The 2016 Rangitikei mayoral election were part of the Rangitikei and wider New Zealand local elections. On 8 October 2016, elections were held for the Mayor of Rangitikei and other local government roles. Incumbent mayor Andy Watson was first elected in 2013 with 41.5% of the vote. Watson announced on 9 June he is running for a second term as mayor. Running against Watson are community patrol chair George London and civil engineer Robert Snijders, all three from Marton.

Dates
Following are the key dates for the mayoral election:

Candidates
Incumbent mayor Andy Watson announced on 9 June his intention to run for a second term.

On 9 August candidates George London and Robert Snijders came forward.

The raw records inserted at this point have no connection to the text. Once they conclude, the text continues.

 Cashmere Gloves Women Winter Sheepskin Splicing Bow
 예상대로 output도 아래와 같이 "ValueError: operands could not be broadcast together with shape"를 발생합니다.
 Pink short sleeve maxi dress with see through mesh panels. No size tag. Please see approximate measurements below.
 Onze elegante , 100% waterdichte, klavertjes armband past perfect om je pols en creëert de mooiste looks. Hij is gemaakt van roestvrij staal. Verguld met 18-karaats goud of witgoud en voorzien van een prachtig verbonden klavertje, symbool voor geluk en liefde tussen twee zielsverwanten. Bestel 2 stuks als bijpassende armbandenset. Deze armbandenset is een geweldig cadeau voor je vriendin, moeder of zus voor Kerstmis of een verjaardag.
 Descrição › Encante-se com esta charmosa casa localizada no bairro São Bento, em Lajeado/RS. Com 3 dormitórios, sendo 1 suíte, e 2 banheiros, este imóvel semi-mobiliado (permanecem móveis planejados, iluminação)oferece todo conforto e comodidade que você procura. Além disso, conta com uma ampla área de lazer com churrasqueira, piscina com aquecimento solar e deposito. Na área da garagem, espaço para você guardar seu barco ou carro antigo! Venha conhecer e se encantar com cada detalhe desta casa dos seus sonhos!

London is a Queen's Service Medal recipient, given to him for his services to the community; he is a volunteer health shuttle driver for St John Ambulance since 2009 and was elected chairman of the Marton Community Patrol in June 2015.

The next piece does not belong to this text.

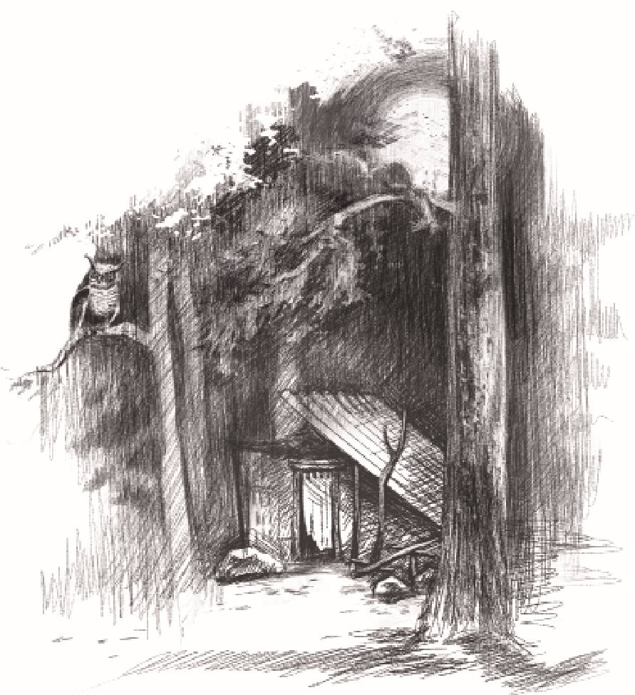 Вот и шалаш. Сквозь шторку для ванны наружу пробивались слабые лучики света, едва достигая ближайших деревьев.
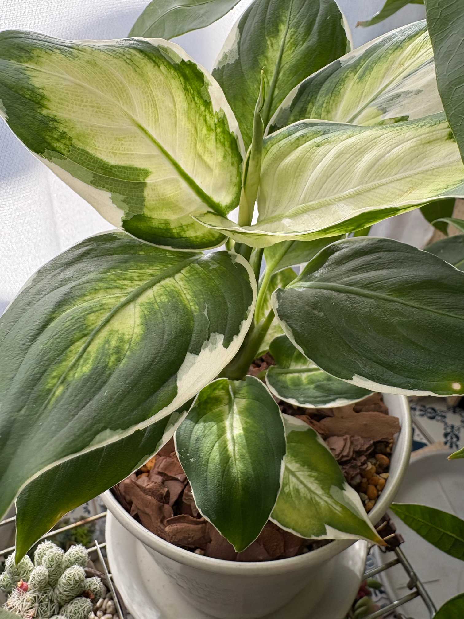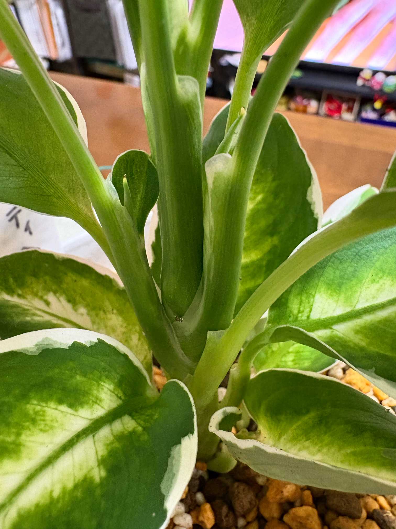 中心の葉っぱが伸びてきたのと隠れてますが下の葉っぱの付け根から新芽🌱が…

Snijders is a civil engineer and the new owner of the Old Granary in Marton since July 2016; Snijders and his wife aim to restore the building—a Heritage New Zealand Category II building—which had burnt down in March 2013.

Campaign
On 28 July, as no other candidates had yet come forward, mayor Watson encouraged other candidates to stand for the mayoral election saying "It would be poor democracy if there were no more names put forward". Watson voiced his drive as being the number of projects he had initiated that he wanted to see through, and the district being faced with fairly major challenges around earthquake infrastructure.

Snijder's view on the council is that "it needed to be more engaged with the community". Snijder has been a civil engineer working in Libya, Russia and England doing urban rejuvenation. "With my construction background I feel I'm more than qualified to step in and provide advice and expertise on costs and how to improve the proposed design [of new proposed centres in Bulls, Marton and Taihape]." In addition, Snijder aims to increase tourism in the area.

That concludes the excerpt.